Large language models (LLMs) continue to be adopted for a multitude of previously manual tasks, with code generation as a prominent use. Multiple commercial models have seen wide adoption due to the accessible nature of the interface. Simple prompts can lead to working solutions that save developers time. However, the generated code has a significant challenge with maintaining security. There are no guarantees on code safety, and LLM responses can readily include known weaknesses. To address this concern, our research examines different prompt types for shaping responses from code generation tasks to produce safer outputs. The top set of common weaknesses is generated through unconditioned prompts to create vulnerable code across multiple commercial LLMs. These inputs are then paired with different contexts, roles, and identification prompts intended to improve security. Our findings show that the inclusion of appropriate guidance reduces vulnerabilities in generated code, with the choice of model having the most significant effect. Additionally, timings are presented to demonstrate the efficiency of singular requests that limit the number of model interactions.

查看原文本刊更多论文

代码生成中安全性与正确性的平衡：基于商业大型语言模型的实证研究

大型语言模型（llm）继续被用于大量以前的手工任务，其中代码生成是一个突出的用途。由于接口的可访问性，多种商业模型已经被广泛采用。简单的提示可以产生有效的解决方案，从而节省开发人员的时间。然而，生成的代码在维护安全性方面存在重大挑战。

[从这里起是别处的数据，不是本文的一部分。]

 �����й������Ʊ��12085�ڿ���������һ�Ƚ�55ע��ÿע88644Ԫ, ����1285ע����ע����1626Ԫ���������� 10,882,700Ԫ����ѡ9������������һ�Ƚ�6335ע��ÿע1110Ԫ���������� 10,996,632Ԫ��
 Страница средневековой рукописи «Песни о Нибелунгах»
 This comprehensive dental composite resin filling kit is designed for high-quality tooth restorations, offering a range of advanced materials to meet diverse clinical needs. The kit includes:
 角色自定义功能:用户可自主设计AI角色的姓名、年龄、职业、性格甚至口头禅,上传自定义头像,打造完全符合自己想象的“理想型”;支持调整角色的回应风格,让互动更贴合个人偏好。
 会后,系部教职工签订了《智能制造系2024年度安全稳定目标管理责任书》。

代码安全没有保证，LLM响应很容易包含已知的弱点。为了解决这个问题，我们的研究检查了不同的提示类型，用于从代码生成任务中形成响应，以产生更安全的输出。最上面的一组常见弱点是通过无条件提示生成的，以便跨多个商业llm创建易受攻击的代码。然后将这些输入与不同的上下文、角色和旨在提高安全性的识别提示配对。我们的研究结果表明，包含适当的指导可以减少生成代码中的漏洞，其中模型的选择具有最显著的效果。此外，还提供了时序来演示限制模型交互数量的单个请求的效率。

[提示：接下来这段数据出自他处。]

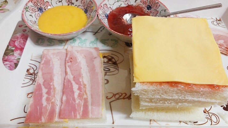 4) 머스터드를 바른 쪽에는 베이컨을 올려주시고 딸기잼을 바른 쪽에는 체다 치즈 한 장을 올려줍니다.
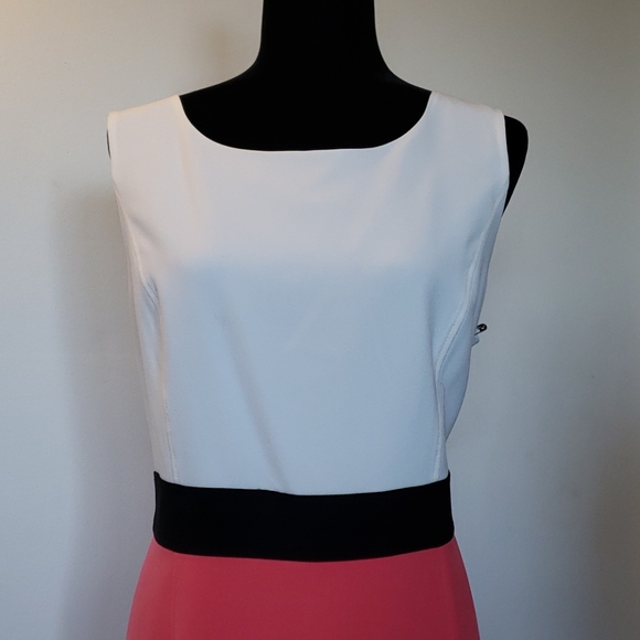 Nearly new, worn once.. White and pink, sleveless, dress for success. Small tear in lining, can be mended with needle and thread.
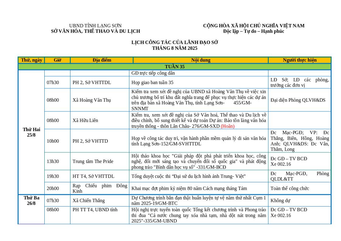 LỊCH CÔNG TÁC CỦA LÃNH ĐẠO SỞ TUẦN 35 NĂM 2025
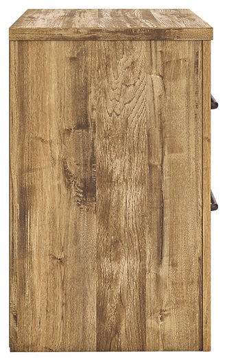 | Details | Made with engineered wood (MDF/particleboard/plywood) and decorative laminate for the right balance of affordability and durability, Golden rustic finish over replicated oak grain with authentic touch, Decorative laminate replicates natural or man-made material surfaces with consistent color, pattern and texture, Hardware with dark pewter-tone finish, 2 smooth-gliding drawers, Assembly required | |
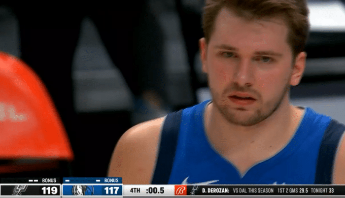 暂停回来镜头对准东契奇,他口吐脏话大骂一声;最后0.5秒,东契奇超远三分太短,直接三不沾从而遗憾惜败;离场时东契奇表情沮丧,又大吼一声,无奈接受被绝杀的命运。

本文章由计算机程序翻译，如有差异，请以英文原文为准。

求助全文

约1分钟内获得全文求助全文

来源期刊

IEEE Transactions on Emerging Topics in Computational Intelligence Mathematics-Control and Optimization

CiteScore

10.30

自引率

7.50%

发文量

147

期刊介绍： The IEEE Transactions on Emerging Topics in Computational Intelligence (TETCI) publishes original articles on emerging aspects of computational intelligence, including theory, applications, and surveys. TETCI is an electronics only publication. TETCI publishes six issues per year. Authors are encouraged to submit manuscripts in any emerging topic in computational intelligence, especially nature-inspired computing topics not covered by other IEEE Computational Intelligence Society journals. A few such illustrative examples are glial cell networks, computational neuroscience, Brain Computer Interface, ambient intelligence, non-fuzzy computing with words, artificial life, cultural learning, artificial endocrine networks, social reasoning, artificial hormone networks, computational intelligence for the IoT and Smart-X technologies.